News Release
Montefiore Receives $1.2 Million HRSA Grant to Launch First Preventive Medicine Residency Program with Integrative Health Focus
October 9, 2015
Montefiore Health System (MHS) today announced receipt of a three year, $1.2 million grant from the Health Resources and Services Administration (HRSA), a division of the U.S. Department of Health and Human Services. The grant will help to develop and implement a new preventive medicine (PM) residency program, woven into an existing residency in family medicine. This four year program, one of only a few in the U.S., will be the first to have an integrative health focus. It will launch in July 2016 with two residents.
This program will advance evidence-based population and integrative health training and practice at primary care sites that care for underserved communities in the Bronx and beyond.
"In creating this new program, Montefiore will collaborate with the Masters of Public Health Program (M.P.H.) at Lehman College (CUNY), Institute for Family Health, the Pacific College of Oriental Medicine, and the NYC Department of Health and Mental Hygiene. The Preventive Medicine residency will be situated within the Department of Family and Social Medicine at Montefiore.
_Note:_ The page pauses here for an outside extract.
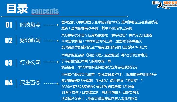 每日新闻速递 2020年4月17日 星期五 时政热点 财经新闻 行业公司 民生百态 霍普金斯大学数据显示全球病例超200万 美国停缴世卫会费引质疑 最新!全国新增确诊46例,其中12例为本土病例 央行数字货币首个应用场景落地 “数字钱包”将作为支付通道 70城房价回暖!38城新房价格上涨,这些城市涨幅最大 发改委批准新建西安至十堰高速铁路项目 总投资476.8亿元 中国银保监会就《保险代理人监管规定》再次公开征求意见 于泽获批担任中国人保副总裁一职 银保监会:中华财险保证保险部分业务存在侵权行为 中国首个新冠灭活疫苗:受试者最多打3针,临床前研究用时98天 多地推每周2.5天假期 “休休休”能否换来“买买买”? 2020已有5328家影视公司注销 影院票房几乎归零 31省份常住人口数据出炉:粤浙年增百万 四地负增长 这剧情还是来了:墨西哥贩毒集团向穷人发救济物资 时政热点 霍普金斯大学数据显示全球病例超200万 美国停缴世卫会费引质疑 2020年04月16日 06:52 来源:新华社 世界卫生组织:截至欧洲中部时间15日10时(北京时间15日16时),全球新冠确诊病例较前一日增加70082例,达到1914916例;死亡病例较前一日增加5989例,达到123010例。美国约翰斯·霍普金斯大学:截至美国东部时间15日10时(北京时间15日22时),全球新冠确诊病例达2000984例,死亡病例为128071例。 世卫组织总干事谭德塞15日对美国决定暂停资助世卫组织表示遗憾。他同时重申,新冠病毒是全人类共同的敌人,只有全球团结才能击败病毒。 最新!全国新增确诊46例,其中12例为本土病例 最新!全国新增确诊46例,其中12例为本土病例 4月15日0—24时,31个省(自治区、直辖市)和新疆生产建设兵团报告新增确诊病例46例,其中34例为境外输入病例,12例为本土病例(广东5例,黑龙江4例,北京3例);无新增死亡病例;新增疑似病例4例,其中3例为境外输入疑似病例(上海3例),1例为本土疑似病例(北京1例)。

“This grant from HRSA aligns with the goals of Montefiore’s approach to population health and is an important example of having a close relationship between translational science and education,” said William Jordan, M.D., M.P.H. director of the new PM residency program, co-director of Medical Student Education in the Department of Family and Social Medicine at Montefiore, assistant professor in the Department of Family and Social Medicine at Albert Einstein College of Medicine. “We are delighted to develop the Preventive Medicine residency program and to welcome our first residents in just a few months.”
Participants will also earn an M.P.H. degree through the residency training program which will give them a strong background in epidemiology and skills in data analysis. Each resident will complete a social medicine project that addresses the needs of a vulnerable community
“National changes in healthcare delivery address the importance of educating primary care physicians to help their patients adopt healthy behaviors,” said Peter Selwyn, MD, M.P.H., chair of Family and Social Medicine at Montefiore Health System and at Albert Einstein College of Medicine. “This country has a primary care shortage, so we need doctors engaged in creative ways to deliver quality health care to patients, their families and our community. Primary care is the foundation of larger changes occurring in the health care system and training doctors in preventive medicine will help bridge these worlds.”